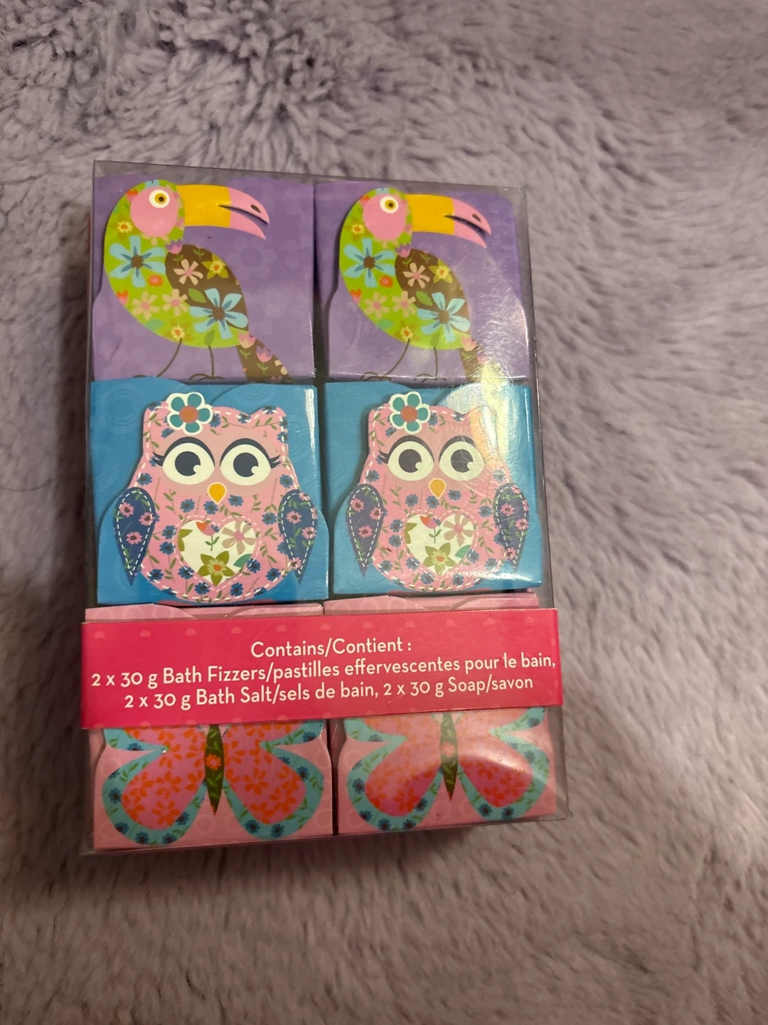 This bath set includes 2 x 30g bath fizzers, 2 x 30g bath salts, and 2 x 30g soaps. Each item features a cute and colourful design with toucans, owls, and butterflies.
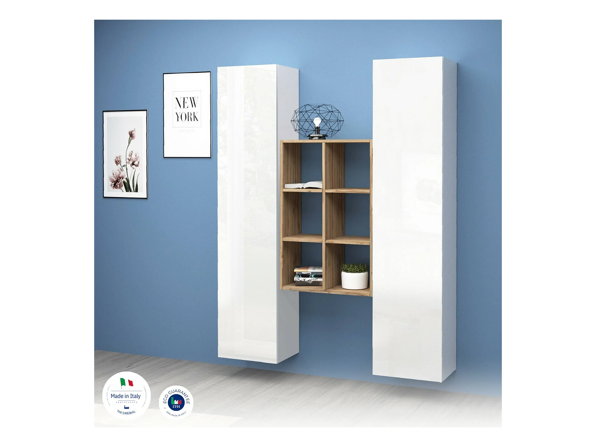 Buffet Ddeluc, Ensemble de salon avec 2 portes et étagères, Buffet de salon, Buffet de cuisine, 100% Made in Italy, 140x30h180 cm, Blanc brillant et Érable
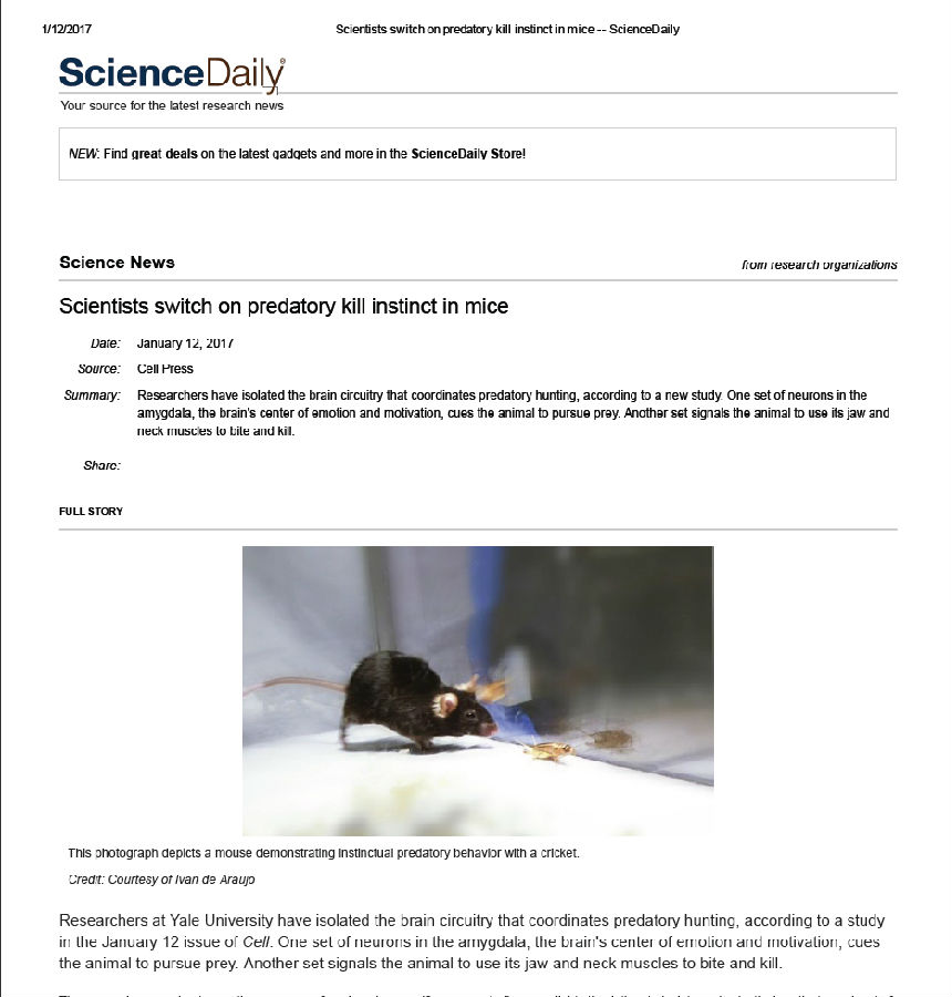 2017年1月12日,伟德victor1946官网登录韩雯斐老师在世界自然科学领域的顶尖期刊《细胞》杂志(CELL)2017年第一期上,刊发题为“Integrated Control of Predatory Hunting by the Central Nucleus of the Amygdala”的封面文章,此项研究开创了口腔颌面部感受环路研究领域的先河,《自然》杂志(Nature)、《科学》杂志(Science)及美国华盛顿邮报等进行了同期评述。
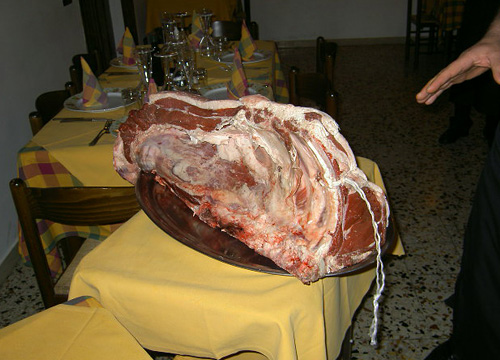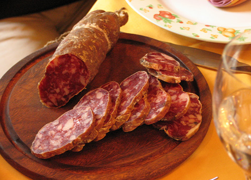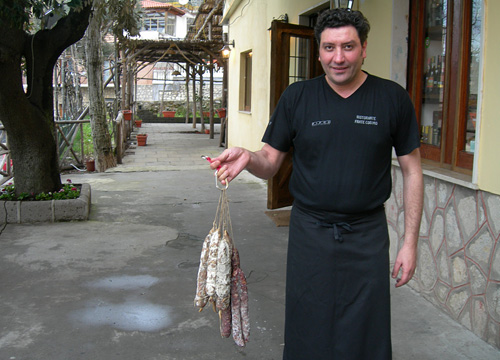 外から声がするので出て行ってみるとオーナーシェフが別の建物から腸詰めを持って来たところでした。野菜も腸詰めもすべてご自身で作っているそうです。イタリアの腸詰めは、さしずめ日本のカラスミや塩辛のような物なのだと納得しました。
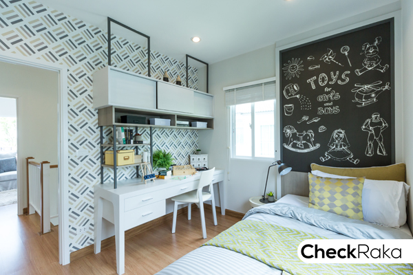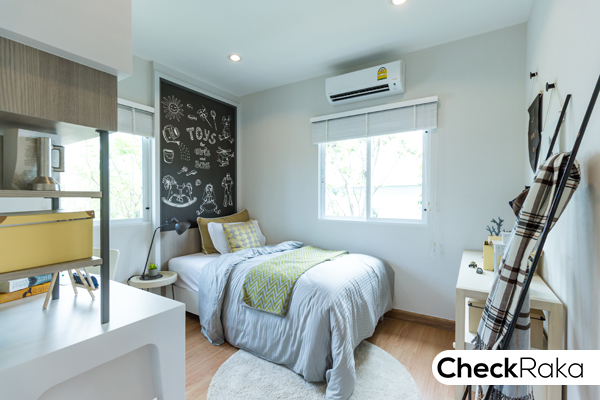 เป็นห้องนอนคุณลูกๆ วางเตียงขนาด 3.5 ฟุต มีพื้นที่ปลายเตียงหลือเล็กน้อยจะวางตู้เสื้อผ้าแบบบ้านเลื่อนก็ได้
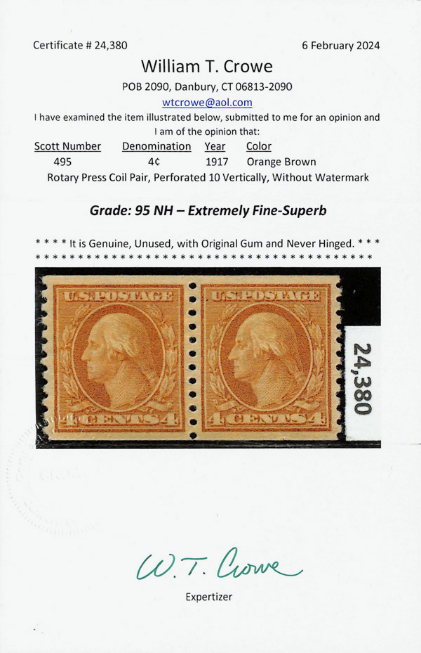 5275 nh 495 image1917, 4¢ orange brown, unwatermarked, rotary press coil, perf. 10 vertically (Scott 495), pair, o.g., never hinged, a beautiful twosome, fresh, bright and mathematically centered, Extremely Fine to Superb, with 2024 Crowe certificate graded XF-SUP 95.
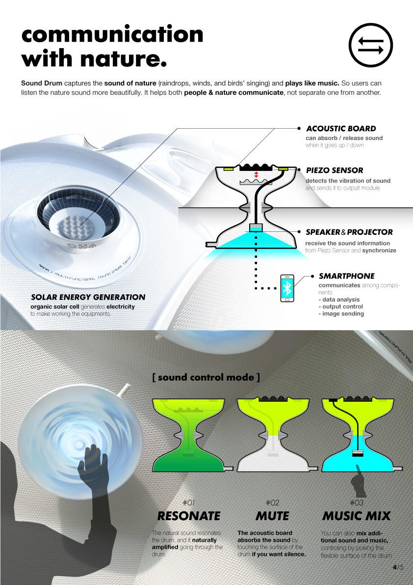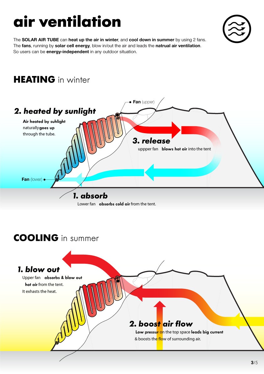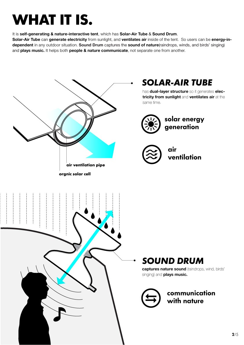 Traditional outdoor tents were first used as temporal shelter to endure environment. However, not only people want to be protected from the outdoor environment, people want to interact with nature nowadays. Tent 3.0 is designed to fulfill the need of tent users who looks for new outdoor experience and rich interaction with nature. It has a Sound drum on the top which is natural-interactive acoustic system for emotional experience in nature. The window, called Magic window, delivers limitless outdoor experience to the tent as virtual reality. Hybrid tube attracted on the backside of tent optimizes inside air condition of the tent and it generates solar power for independent outdoor life. On the Interactive tent fly, hydro-chromic ink is applied; the color of tent is changed in rainy day. Therefore, Tent 3.0 is the new generation of tent for innovative outdoor life.

• • •

▸ **WORK INSTRUCTIONS**: If an entry holds a picture, skip the picture and print the rest of the data exactly.

▸ **ANSWER AREA**:
 This bath set includes 2 x 30g bath fizzers, 2 x 30g bath salts, and 2 x 30g soaps. Each item features a cute and colourful design with toucans, owls, and butterflies.
 Buffet Ddeluc, Ensemble de salon avec 2 portes et étagères, Buffet de salon, Buffet de cuisine, 100% Made in Italy, 140x30h180 cm, Blanc brillant et Érable
 2017年1月12日,伟德victor1946官网登录韩雯斐老师在世界自然科学领域的顶尖期刊《细胞》杂志(CELL)2017年第一期上,刊发题为“Integrated Control of Predatory Hunting by the Central Nucleus of the Amygdala”的封面文章,此项研究开创了口腔颌面部感受环路研究领域的先河,《自然》杂志(Nature)、《科学》杂志(Science)及美国华盛顿邮报等进行了同期评述。
 外から声がするので出て行ってみるとオーナーシェフが別の建物から腸詰めを持って来たところでした。野菜も腸詰めもすべてご自身で作っているそうです。イタリアの腸詰めは、さしずめ日本のカラスミや塩辛のような物なのだと納得しました。
 เป็นห้องนอนคุณลูกๆ วางเตียงขนาด 3.5 ฟุต มีพื้นที่ปลายเตียงหลือเล็กน้อยจะวางตู้เสื้อผ้าแบบบ้านเลื่อนก็ได้
 5275 nh 495 image1917, 4¢ orange brown, unwatermarked, rotary press coil, perf. 10 vertically (Scott 495), pair, o.g., never hinged, a beautiful twosome, fresh, bright and mathematically centered, Extremely Fine to Superb, with 2024 Crowe certificate graded XF-SUP 95.
 Traditional outdoor tents were first used as temporal shelter to endure environment. However, not only people want to be protected from the outdoor environment, people want to interact with nature nowadays. Tent 3.0 is designed to fulfill the need of tent users who looks for new outdoor experience and rich interaction with nature. It has a Sound drum on the top which is natural-interactive acoustic system for emotional experience in nature. The window, called Magic window, delivers limitless outdoor experience to the tent as virtual reality. Hybrid tube attracted on the backside of tent optimizes inside air condition of the tent and it generates solar power for independent outdoor life. On the Interactive tent fly, hydro-chromic ink is applied; the color of tent is changed in rainy day. Therefore, Tent 3.0 is the new generation of tent for innovative outdoor life.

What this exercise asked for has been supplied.